Repeated Observations Linear Mixed Model with Outside-Group Spatial Correlation

Wed, Mar 22, 2017 9:51 AM

Thanks for the responses everyone.

David and Ben - I am in the midst of trying the hack right now. I created a
single 'group' with all observations. Then I constructed the correlation
distance matrix using three variables latitude, longitude, and *time*. This
way I can capture the correlations from repeated observations (they have
the same latitude and longitude) as a function of their temporal distance
(time) and the correlations across stations as a function of their spatial
and temporal distance. I think this structure is actually better and more
flexible. I am still trying to figure out how to determine the tradeoff
between spatial distance and temporal distance that I want. Also, as Ben
suggested this method appears to be quite inefficient. The model has been
running for 11 hours and is using around 12gb of RAM. I think I might
create groups by clustering the stations geographically to reduce the
computational burden of what is now 12,271x12,271 correlation matrix.

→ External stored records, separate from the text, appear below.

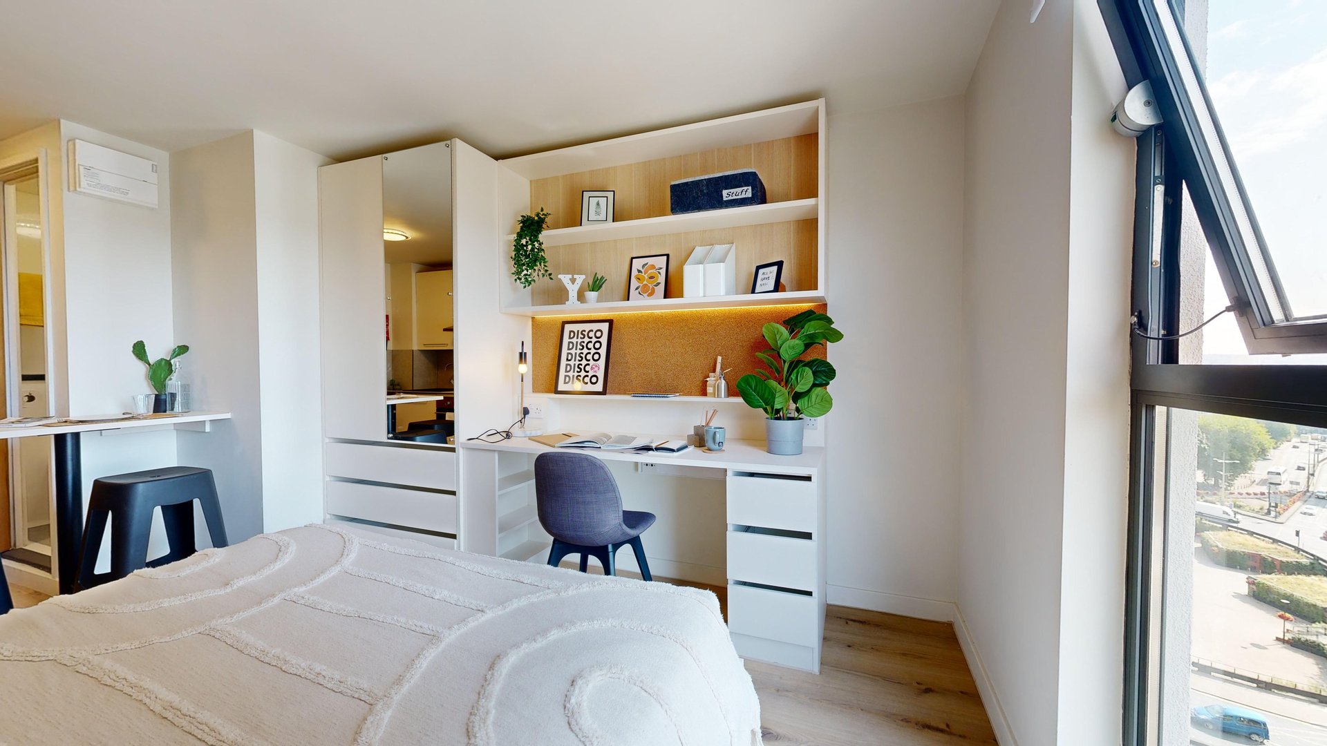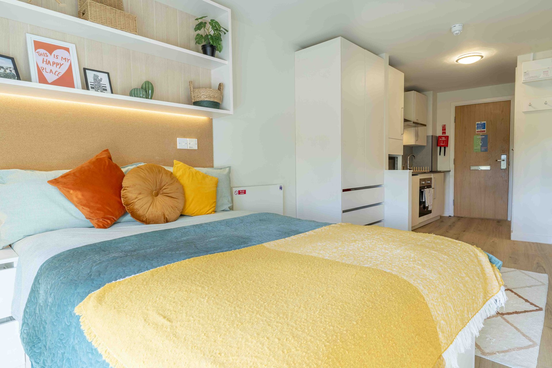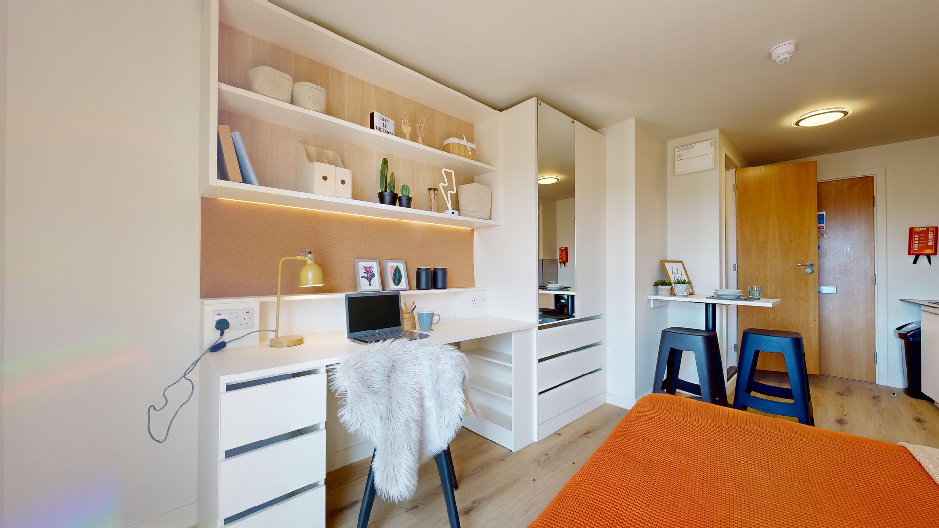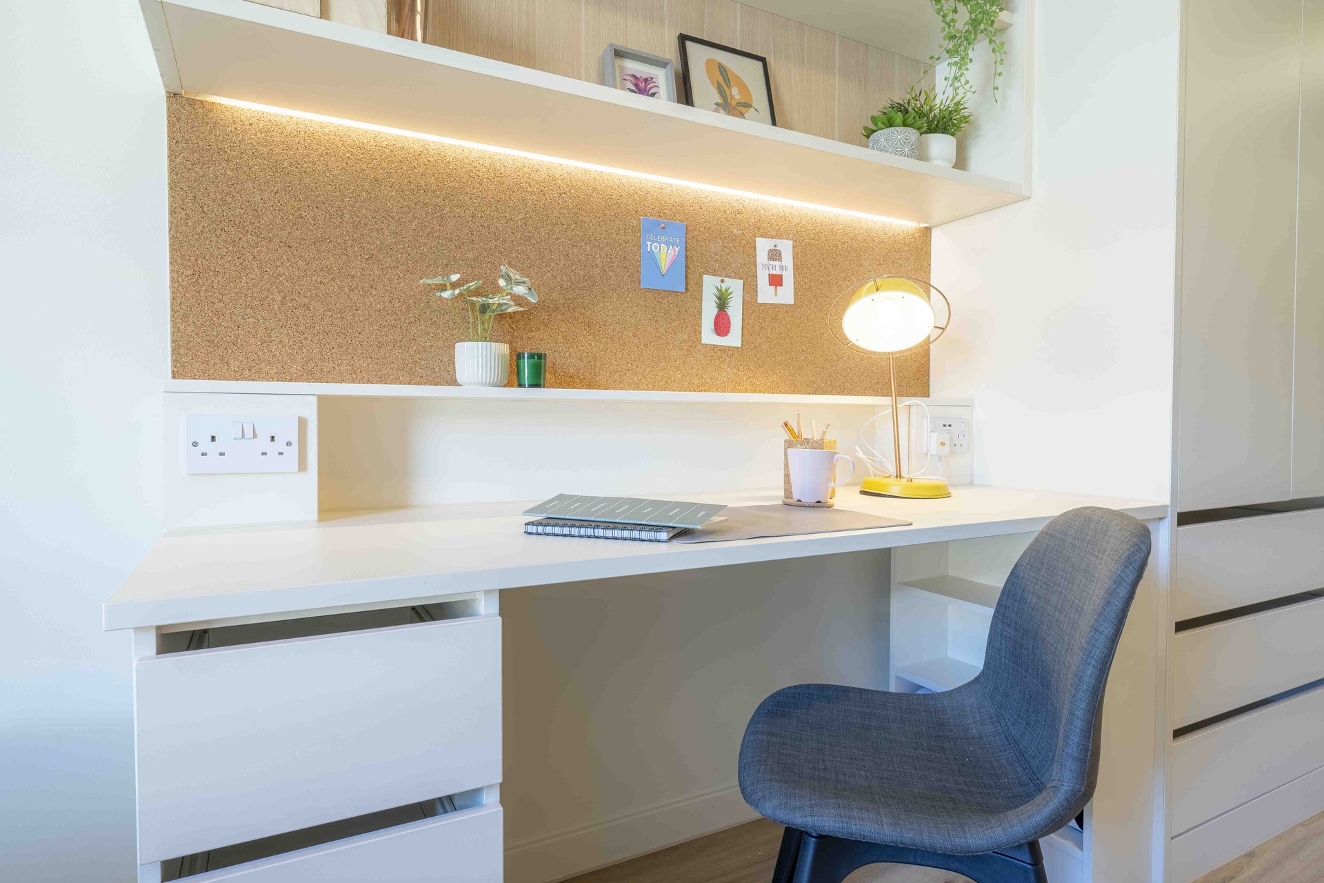This room has had a makeover. Expect extra lighting, more storage, a new mattress, and additional corkboards to personalise your space. Plus, you'll get new appliances to spice up your kitchen.
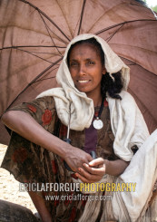 Ethiopian woman under an umbrella, Amhara Region, Lalibela, Ethiopia
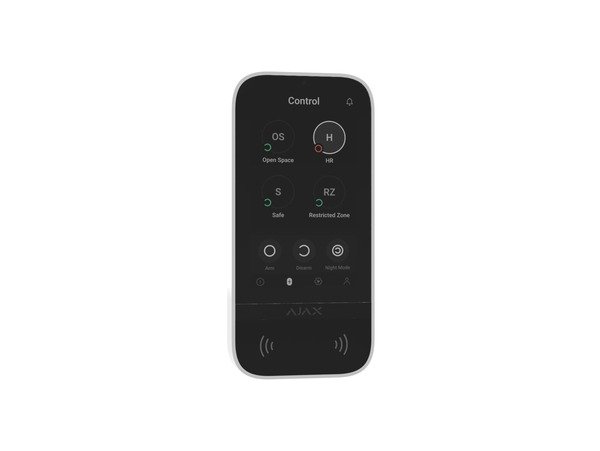 Описание товара Ajax Клавіатура з сенсорним дисплеєм KeyPad TouchScreen, jeweller, бездротовий, білий
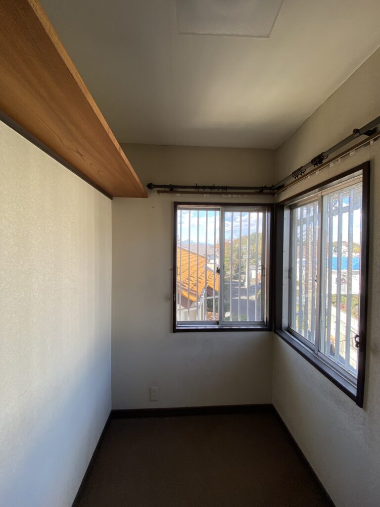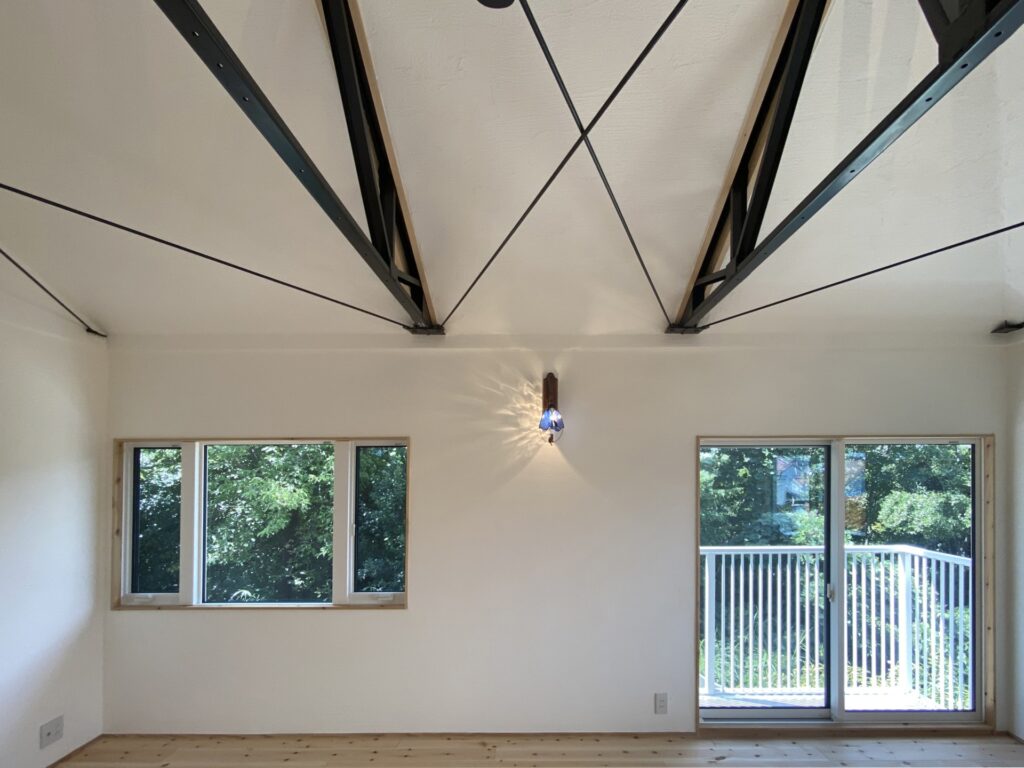 After 個室2 一部屋に戻し、左手の窓の開け方も変えました。勾配天井にすると同じ部屋サイズなのに広く感じて気持ちいいですよ

Dexter -  lm::lm(), nlme::lme(), and lme4::lmer() all have the function
resid(model) that provides the residual for each observation in the model.
I used the package "ape" to calculate the Moran I.

model_spatial = lme(log(counts) ~ log(Population)
                 +Drive +Med_Income + Buff2 +Rain + Temperature
                 , data = Data, random = ~1|id, method = "ML" )

model_All = lmer(log(counts) ~ log(Population)
                 +Drive +Med_Income + Buff2 +Rain + Temperature
                 + (1|id)
                  , data = Data )
Data$resid_spat = resid(model_spatial )
Data$resid_all = resid(model_All )

Thierry - I assume you meant "nlme *cant *do what you would like to do"?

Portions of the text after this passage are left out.